L'Hebdo;
2003-09-11 Rêver un impossible rêve de Don Quichotte Cinéma «Lost in la Mancha» raconte comment la malchance a ruiné le beau projet de Terry Gilliam. Jadis, Orson Welles avait aussi échoué à adapter le roman de Cervantès.
Cinéma «Lost in la Mancha» raconte comment la malchance a ruiné le beau projet de Terry Gilliam. Jadis, Orson Welles avait aussi échoué à adapter le roman de Cervantès. Le récit d'Antoine Duplan.
Qu'on se souvienne, entre autres images extraordinaires, des tuyauteries hallucinées et du plombier-justicier qui se défait en papier journal dans Brazil. Qu'on se souvienne de la montgolfière cousue de sous-vêtements féminins à bord de laquelle le Baron de Munchausen s'évade ou de la tresse de cheveux dont il se sert pour descendre de la lune. Qu'on se souvienne des girafes galopant sur l'autoroute new-yorkaise dans L'Armée des 12 Singes... Au sein des Monty Python ou en solo, Terry Gilliam est un des derniers cinéastes à tailler ses films dans l'étoffe des rêves. Il en résulte des tournages épiques qui frôlent la banqueroute.

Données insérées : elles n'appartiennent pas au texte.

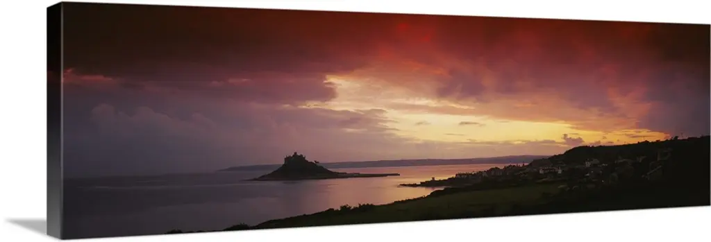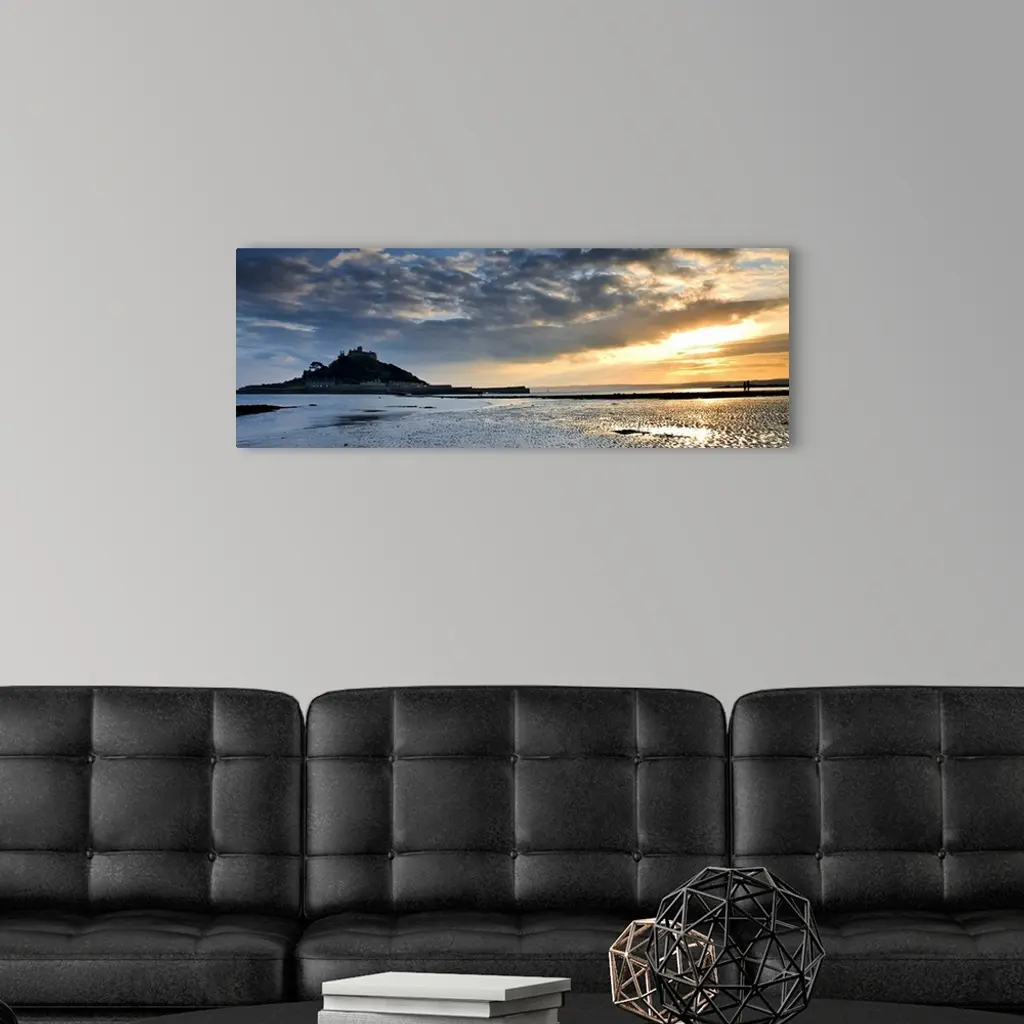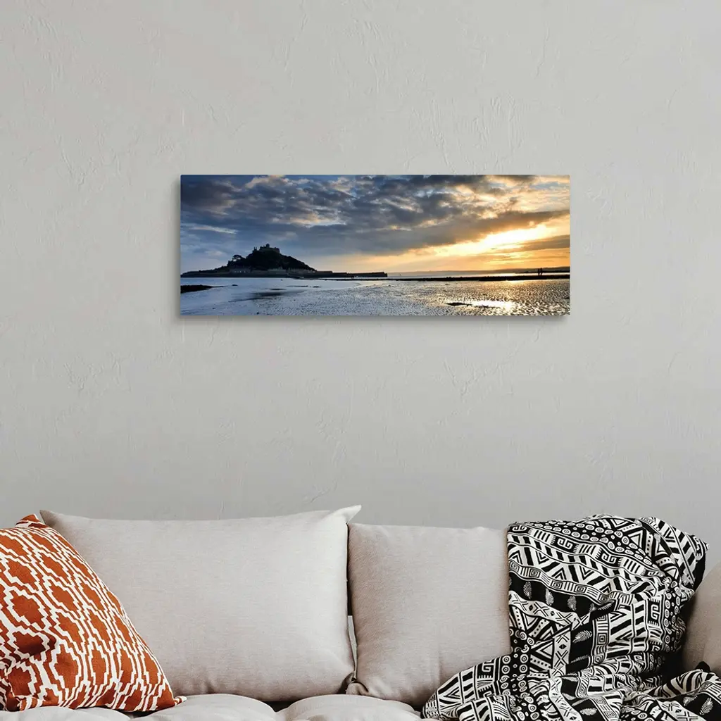 St. Michaels Mount, Cornwall, England, UK, at sunset with a dramatic sky and golden light reflected in wet rippled sand.

Cet inépuisable visionnaire nourrissait depuis le début des années 90 un rêve immense: tourner un Don Quichotte. Ajourné une première fois pour des raisons économiques, le projet finit par trouver des comédiens sur lesquels il est possible de monter un financement entièrement européen: Johnny Depp doit tenir le rôle de Sancho Pança, sa compagne Vanessa Paradis celui de Dulcinée, la paysanne que Don Quichotte a élue comme Dame de ses pensées.

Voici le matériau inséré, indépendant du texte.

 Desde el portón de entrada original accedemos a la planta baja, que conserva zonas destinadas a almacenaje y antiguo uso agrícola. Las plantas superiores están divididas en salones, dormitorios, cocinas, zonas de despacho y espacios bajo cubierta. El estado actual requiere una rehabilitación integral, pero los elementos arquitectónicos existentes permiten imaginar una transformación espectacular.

Jean Rochefort en selle Enfin, pour incarner le Chevalier à la triste figure, Terry Gilliam fait appel au merveilleux Jean Rochefort. L'acteur au verbe fleuri et à la moustache qui frise ne se sent plus de joie: «Bercé culturellement par Francis Blanche, Pierre Dac et les Monty Python, j'ai d'abord cru qu'un copain me faisait une blague», confie-t-il à Ciné Live. «C'était un rêve éveillé accompagné d'une forme de cauchemar, à savoir que Terry préférait que je m'exprimasse en anglais, ce qui me fut très douloureux, car comme tous les Français de ma génération, je n'avais que des souvenirs scolaires de cette langue.» Le comédien passe sept mois à s'initier à la langue de Shakespeare. Pour l'équitation, aucun problème: cela fait cinquante-deux ans qu'il monte à cheval quotidiennement.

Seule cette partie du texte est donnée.